Klie Sebastian, Nikoloski Zoran, Selbig Joachim
1 Max-Planck Institute for Molecular Plant Physiology , Potsdam, Brandenburg, Germany .
J Comput Biol. 2014 Jun;21(6):428-45. doi: 10.1089/cmb.2009.0129. Epub 2010 Jan 8.
Recent advances in high-throughput omics techniques render it possible to decode the function of genes by using the "guilt-by-association" principle on biologically meaningful clusters of gene expression data. However, the existing frameworks for biological evaluation of gene clusters are hindered by two bottleneck issues: (1) the choice for the number of clusters, and (2) the external measures which do not take in consideration the structure of the analyzed data and the ontology of the existing biological knowledge.
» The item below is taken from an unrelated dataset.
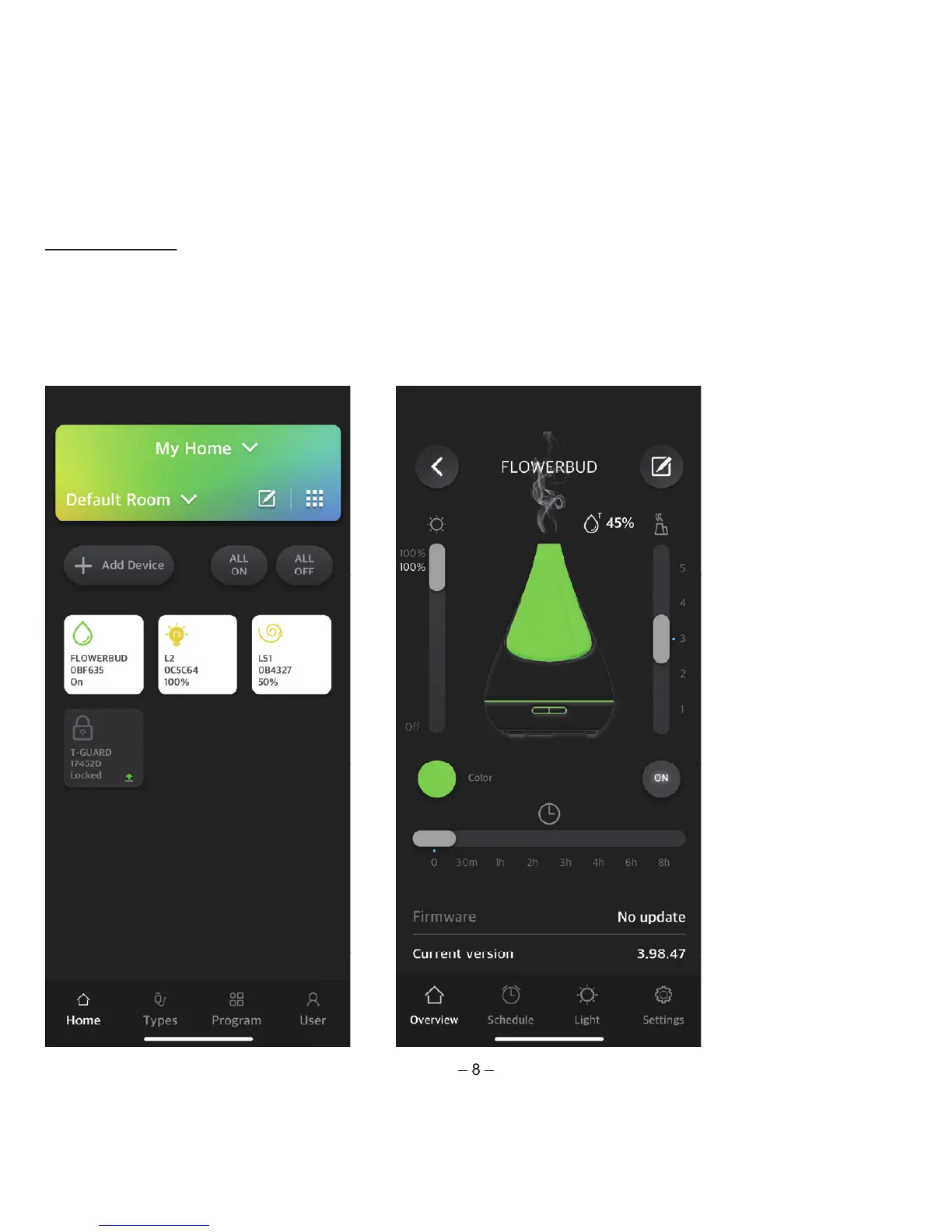 VOCOlinc FLOWERBUD SMART DIFFUSER - Exclusive Features Overview; Home Screen Functionality

Here, we address the identified bottlenecks by developing a novel framework that allows not only for biological evaluation of gene expression clusters based on existing structured knowledge, but also for prediction of putative gene functions. The proposed framework facilitates propagation of statistical significance at each of the following steps: (1) estimating the number of clusters, (2) evaluating the clusters in terms of novel external structural measures, (3) selecting an optimal clustering algorithm, and (4) predicting gene functions. The framework also includes a method for evaluation of gene clusters based on the structure of the employed ontology. Moreover, our method for obtaining a probabilistic range for the number of clusters is demonstrated valid on synthetic data and available gene expression profiles from Saccharomyces cerevisiae. Finally, we propose a network-based approach for gene function prediction which relies on the clustering of optimal score and the employed ontology. Our approach effectively predicts gene function on the Saccharomyces cerevisiae data set and is also employed to obtain putative gene functions for an Arabidopsis thaliana data set.
高通量组学技术的最新进展使得通过对具有生物学意义的基因表达数据聚类运用“关联有罪”原则来解码基因功能成为可能。然而,现有的基因簇生物学评估框架受到两个瓶颈问题的阻碍:(1)簇数量的选择,以及(2)外部度量未考虑所分析数据的结构和现有生物学知识的本体。在此,我们通过开发一种新颖的框架来解决已确定的瓶颈,该框架不仅允许基于现有结构化知识对基因表达簇进行生物学评估,还能预测推定的基因功能。所提出的框架在以下每个步骤中都有助于统计显著性的传播:(1)估计簇的数量,(2)根据新颖的外部结构度量评估簇,(3)选择最优聚类算法,以及(4)预测基因功能。该框架还包括一种基于所采用本体的结构评估基因簇的方法。此外,我们获得簇数量概率范围的方法在合成数据和酿酒酵母可用基因表达谱上被证明是有效的。最后,我们提出一种基于网络的基因功能预测方法,该方法依赖于最优分数的聚类和所采用的本体。我们的方法有效地在酿酒酵母数据集上预测了基因功能,并且还被用于获取拟南芥数据集的推定基因功能。